Selected topic

Capsule Networks

Capsule Networks

Prefer practical output? Use related tools below while reading.

Key Idea:

In CNNs and RNNs, each pixel or time-step is treated as an independent input feature that contributes to the output in a fixed way. However, this can lead to issues such as:
  1. Translation invariance: Networks may struggle to recognize objects at different locations within an image.
  2. Scale invariance: Networks may have difficulty recognizing objects of varying sizes.
  3. Rotational invariance: Networks may not perform well with rotated or mirrored images.

Capsule Network Solution:

The Capsule Network architecture introduces a new way of representing and processing inputs:
  1. Vectors as capsules: Instead of treating each pixel or time-step as an independent input, Capsule Networks represent them as vectors (called "capsules") that contain information about the object's properties (e.g., orientation, scale).
  2. Routed connections: Each capsule is connected to a set of other capsules through dynamic routing algorithms, which allow the network to selectively focus on certain features or patterns.
  3. Hierarchical representation: Capsule Networks build hierarchical representations by combining lower-level capsules into higher-level ones.

How it Works:

Here's an example:

Suppose we want to recognize handwritten digits in images (MNIST dataset). We use a Capsule Network with the following architecture:

  1. Input layer: 28x28 image, divided into 64 capsules.
  2. Primary capsule layer: Each capsule represents a small region of the image (e.g., top-left corner).
  3. Secondary capsule layer: Higher-level capsules combine information from primary capsules to represent more abstract features (e.g., digit orientation).
The routing algorithm dynamically selects which lower-level capsules contribute to each higher-level capsule, allowing the network to focus on relevant features.

Example Code in PyTorch:

Here's a simplified example of a Capsule Network for MNIST:
python
import torch
import torch.nn as nn

class PrimaryCaps(nn.Module):
def __init__(self, num_capsules=64):
super(PrimaryCaps, self).__init__()
self.conv = nn.Conv2d(1, 8, kernel_size=9)
self.cap = nn.Linear(144, 16) # 144 input channels (7x7 receptive field)

def forward(self, x):
x = F.relu(self.conv(x))
x = x.view(-1, 144) # Flatten
return F.softmax(self.cap(x), dim=1)

class DigitCaps(nn.Module):
def __init__(self, num_capsules=10):
super(DigitCaps, self).__init__()
self.cap = nn.Linear(16, 16 * num_capsules)

def forward(self, x):
x = F.softmax(self.cap(x), dim=1)
return x

class CapsNet(nn.Module):
def __init__(self):
super(CapsNet, self).__init__()
self.primary_caps = PrimaryCaps()
self.digit_caps = DigitCaps()

def forward(self, x):
x = self.primary_caps(x)
return self.digit_caps(x)

model = CapsNet()
criterion = nn.CrossEntropyLoss()
optimizer = torch.optim.Adam(model.parameters(), lr=0.001)

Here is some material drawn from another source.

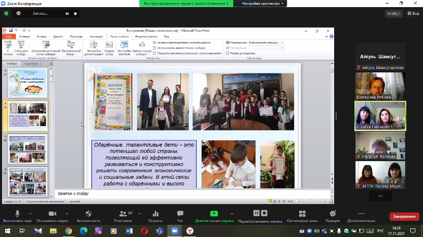 Кездесу спикерлері В.М.Шукшин атындағы Алтай мемлекеттік әлеуметтік-педагогикалық университеті педагогтері мен г.Бийск қаласы бастауыш мектептерінің мұғалімдері болды. іс-шараға қатысушылар төмендегі тақырыптарда ой бөлісті: 1. М.В.Шилова (МКМ «Бийск қаласы Әкімшілігі білім беру Басқармасы») - «Қаланың білім беру жүйесіндегі дарынды бала». 2. Н.Н.Федянина («№1 Гимназия» бастауыш сынып мұғалімі, бастауыш білім беру кафедрасының меңгерушісі) - «Бастауыш білім беру кафедрасындағы дарынды балалармен жұмыс жасау мәселелері». 3. А.Ю.Нижегородцева (Бийск қаласы «№1 Гимназия» бастауыш сынып мұғалімі) - «Дарынды балалармен жұмыстағы тәрбиелеу компоненті». 4. Н.В.Волкова (педагогика ғылымдарының кандидаты, В.М.Шукшин атындағы АМӘПУ, педагогика және психология кафедрасының доценті) - «Бастауыш мектептегі жобалау әрекеті - дарынды балалар үшін білім беру ортасы». 5. И.Н.Чичканова (педагогика ғылымдарының кандидаты, В.М.Шукшин атындағы АМӘПУ, психологиялық-педагогикалық, мектепке дейінгі және бастауыш білім беру кафедрасының доценті) - «Зерттеушілік әрекеттегі кіші мектеп жасындағы оқушылардың танымдық қызығушылықтарын дамыту векторлары».

This code defines a Capsule Network with two layers: PrimaryCaps and DigitCaps. The forward method implements the routing algorithm, which dynamically selects which lower-level capsules contribute to each higher-level capsule.

Keep in mind that this is a simplified example, and real-world implementations may involve more complex architectures and training procedures.